* _INFORMATION SUPPLIED_:
──────────

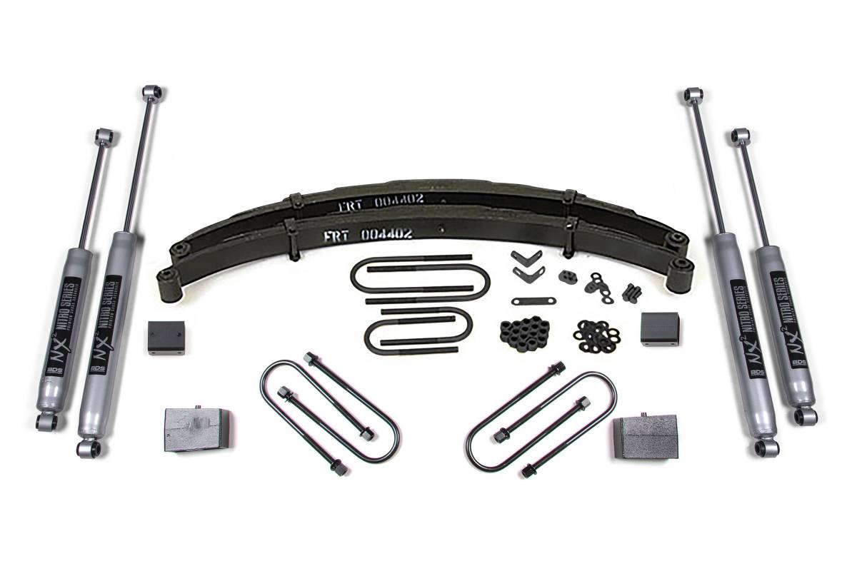 This 4-inch lift kit from BDS Suspension is designed for the Jeep Cherokee SJ Full Size, Wagoneer, Grand Wagoneer, and J10/J20 (1974–1989). The kit is engineered to improve stance, performance, and off-road capability, providing clearance for tires up to 33 inches. Up front, the kit includes Glide-Ride leaf springs, brake line brackets, and precision-tuned NX2 nitrogen charged shocks. The rear configuration is available with either a high-strength lift block with longer u-bolts or rear leaf springs, both paired with matching NX2 Nitro shocks.
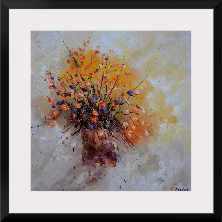 <p>Contemporary still life of an abstracted vase of flowers on a neutral background.</p>
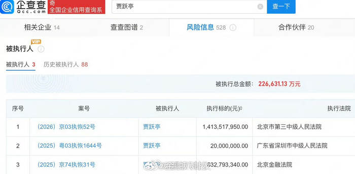 贾跃亭及乐视控股被恢复执行14.1亿,目前,贾跃亭关联3项被执行人信息,被执行总金额约22.67亿元[思考]
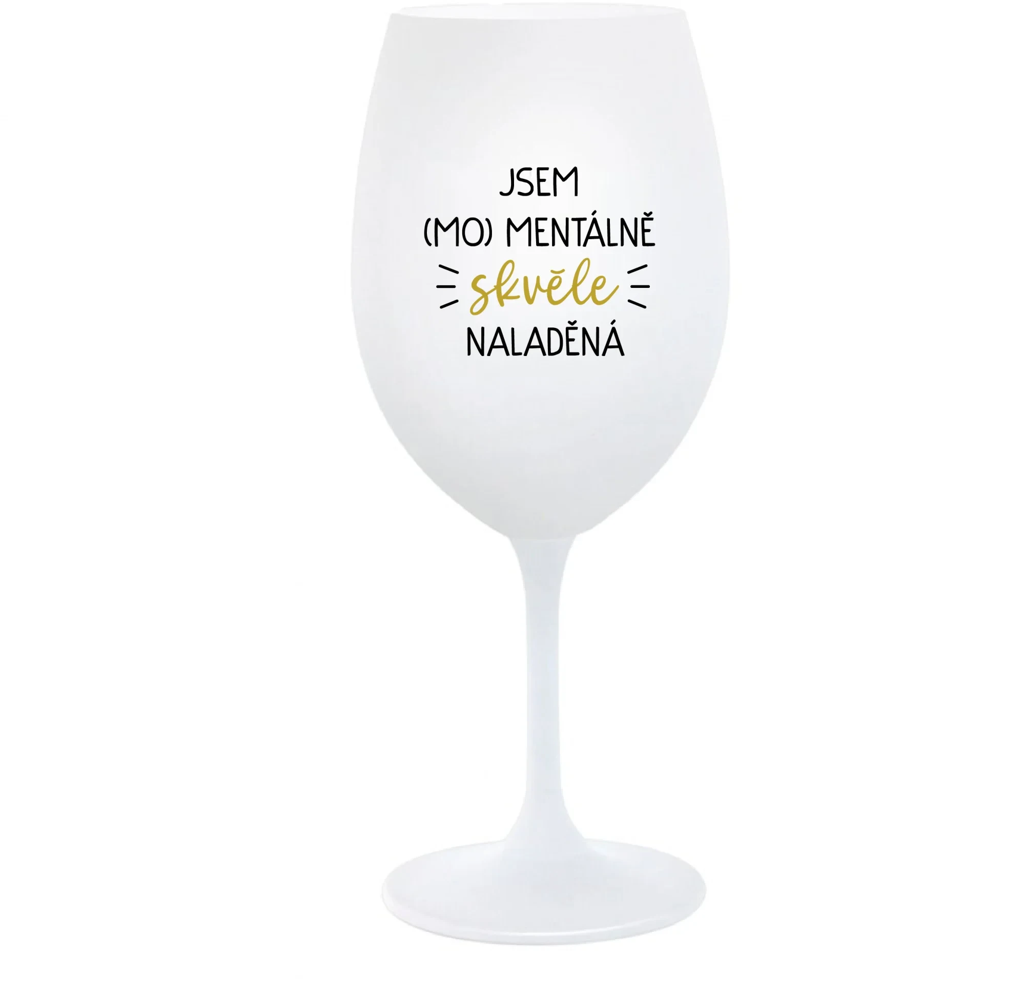 JSEM (MO)MENTÁLNĚ SKVĚLE NALADĚNÁ - bílá sklenice na víno 350 ml

──────────

Transcribe all the lines above exactly, apart from the pictures.

 This 4-inch lift kit from BDS Suspension is designed for the Jeep Cherokee SJ Full Size, Wagoneer, Grand Wagoneer, and J10/J20 (1974–1989). The kit is engineered to improve stance, performance, and off-road capability, providing clearance for tires up to 33 inches. Up front, the kit includes Glide-Ride leaf springs, brake line brackets, and precision-tuned NX2 nitrogen charged shocks. The rear configuration is available with either a high-strength lift block with longer u-bolts or rear leaf springs, both paired with matching NX2 Nitro shocks.
 <p>Contemporary still life of an abstracted vase of flowers on a neutral background.</p>
 贾跃亭及乐视控股被恢复执行14.1亿,目前,贾跃亭关联3项被执行人信息,被执行总金额约22.67亿元[思考]
 JSEM (MO)MENTÁLNĚ SKVĚLE NALADĚNÁ - bílá sklenice na víno 350 ml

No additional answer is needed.